Chemistry

L. Kh. Freidlin, E. F. Litvin, and Yu. Yu. Kaup

On the Sequence of Reactions in the Hydrogenation of 2,3-Dimethylbutadiene-1,3 on a Skeletal Nickel Catalyst

(Presented by Academician M. I. Kabachnik, February 24, 1961)

The hydrogenation reaction of 2,3-dimethylbutadiene-1,3 has repeatedly been used as an example in studying the mechanism of hydrogen addition to conjugated diene systems. In the course of hydrogenation of 2,3-dimethylbutadiene-1,3, two monoolefins may be formed (2,3-dimethylbutene-1 and 2,3-dimethylbutene-2) and a paraffin (2,3-dimethylbutane).
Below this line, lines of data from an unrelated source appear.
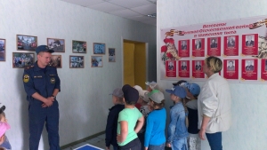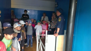 Традиционно профилактическое мероприятие началось с экскурсии по пожарно-спасательной части, которую провел для малышей начальник ПСЧ-1 Роман Качалов.
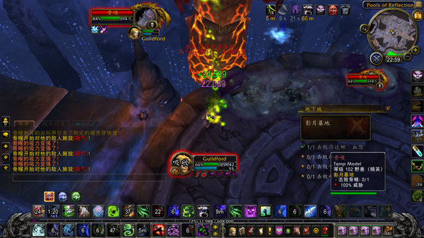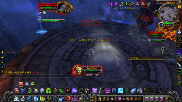 位面转移和虚空漩涡是组合技,BOSS会用位面转移随机传送到一名玩家身边,随后开始引导虚空漩涡,将玩家拉向漩涡并造成暗影伤害。由于是单刷,因此BOSS基本上会原地传送,漩涡开始引导时死步跑开。漩涡即将结束的时候跑回BOSS身边,这和下一个技能有关系。
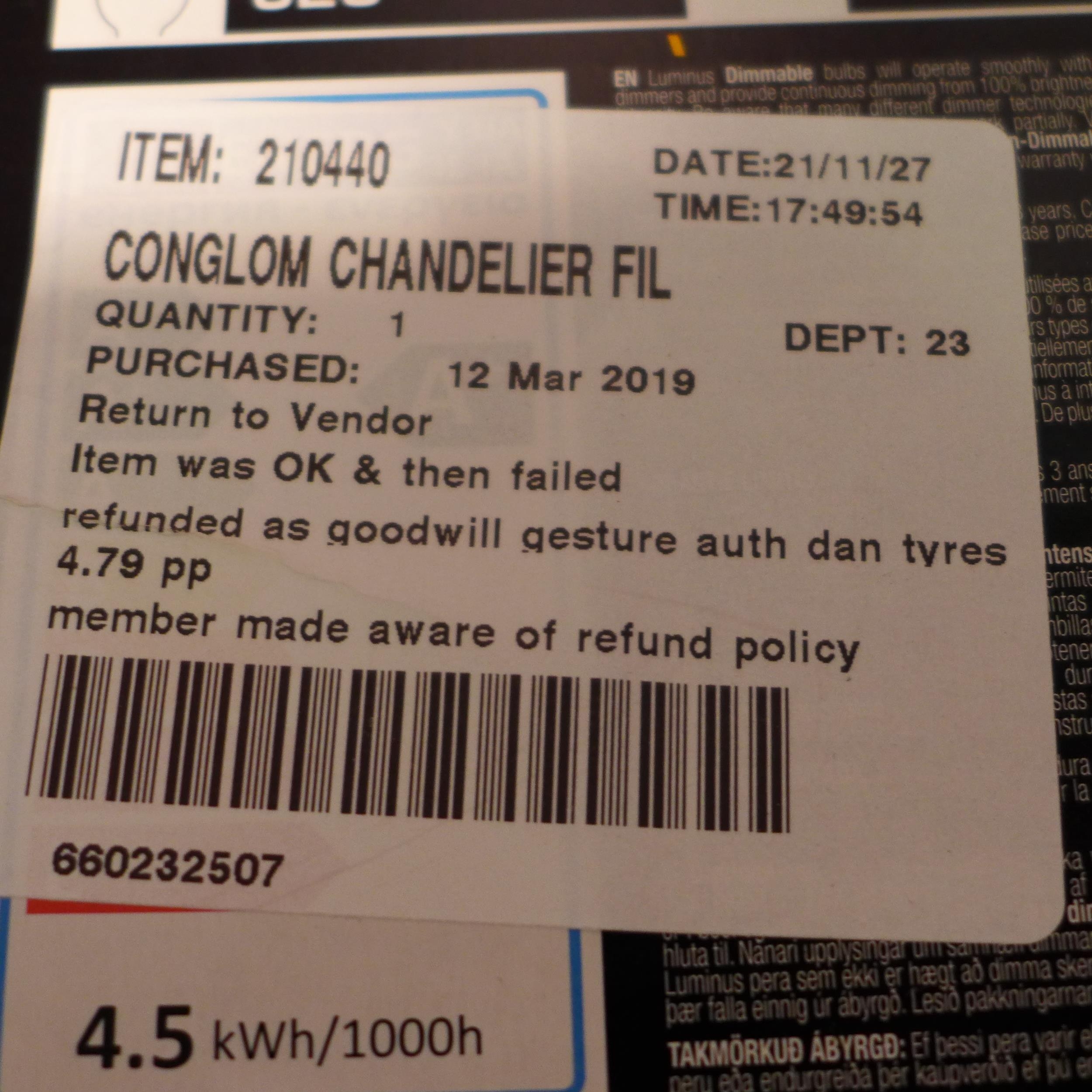 Conglom Chandelier Fil bulbs (246 -294,332)* This lot is subject to vat

\[ \begin{gathered} \mathrm{C{=}C{-}C{=}C} \longrightarrow \begin{matrix} \mathrm{C{=}C{-}C{-}C}\\ \ \ \ \vert\ \ \vert\\ \ \ \ \mathrm{C}\ \ \mathrm{C} \end{matrix} \longrightarrow \mathrm{C{-}C{-}C{-}C} \\[-2pt] \ \ \ \vert\ \ \vert \qquad\qquad \ \ \ \vert\ \ \vert \qquad\qquad \ \ \ \vert\ \ \vert \\[-2pt] \ \ \ \mathrm{C}\ \ \mathrm{C} \qquad\qquad \ \ \ \mathrm{C}\ \ \mathrm{C} \qquad\qquad \ \ \ \mathrm{C}\ \ \mathrm{C} \\ \mathrm{C{=}C{-}C{=}C} \longrightarrow \begin{matrix} \mathrm{C{-}C{=}C{-}C}\\ \ \ \ \vert\ \ \vert\\ \ \ \ \mathrm{C}\ \ \mathrm{C} \end{matrix} \longrightarrow \mathrm{C{-}C{-}C{-}C} \end{gathered} \]

According to Lebedev’s data (^1), in the presence of Pt black the reaction proceeds nonselectively: after the addition of one mole of hydrogen, the hydrogenation products contain, along with monoolefins, 2,3-dimethylbutane (28%) and the initial diene (28%). Dupon (^3) found that on a skeletal nickel catalyst the process proceeds selectively: after absorption of one mole of hydrogen, only monoolefins were detected in the catalyzate: 63% 2,3-dimethylbutene-1 and 37% 2,3-dimethylbutene-2. Gostunskaya, Loza, and Kazanskii (^2) investigated the hydrogenation of this diene on Pt, Pd, and Ni catalysts. In the presence of skeletal nickel, after the addition of one mole of hydrogen, the reaction products isolated were, in addition to 66.6% 2,3-dimethylbutene-1 and 25.5% 2,3-dimethylbutene-2, also 8.3% of the initial diene.

Thus, in the cited investigations the direction of the hydrogen-addition reactions was established. At the same time, the degree of selectivity was determined from the composition of the catalyzate at a single point—at the moment of absorption of one mole of hydrogen. The absence of a convenient and accurate method for analyzing the hydrocarbon mixture formed made it difficult to study the kinetics of the individual stages.

In the present work, the hydrogenation of 2,3-dimethylbutadiene on a skeletal nickel catalyst was studied. The use of gas–liquid partition chromatography enabled us to carry out a complete analysis of the catalyzate in the course of the reaction and thus to study the kinetics of the process and the sequence of its individual stages. The hydrogenation was carried out in a duck-shaped vessel at 25° and with intensive shaking (800 oscillations per min.). The initial diene had b.p. 69–70°, \(n_D^{20}\) 1.4310. Chromatographic analysis showed the absence of impurities of other hydrocarbons. The catalyst was prepared by leaching a Ni–Al alloy (1:1) with a 25% aqueous solution of sodium hydroxide. For each experiment, 0.2 g of catalyst and 0.01 mole of diene in 20 ml of solvent (methanol or 96% ethyl alcohol) were taken. During the reaction, samples were withdrawn from the duck-shaped vessel for analysis. β,β′-Oxydipropionitrile was used as the stationary phase for chromatography. The fractions emerging from the chromatographic column were burned and converted to hydrogen by the method described (^4). Calibration with individual hydrocarbons had first been carried out.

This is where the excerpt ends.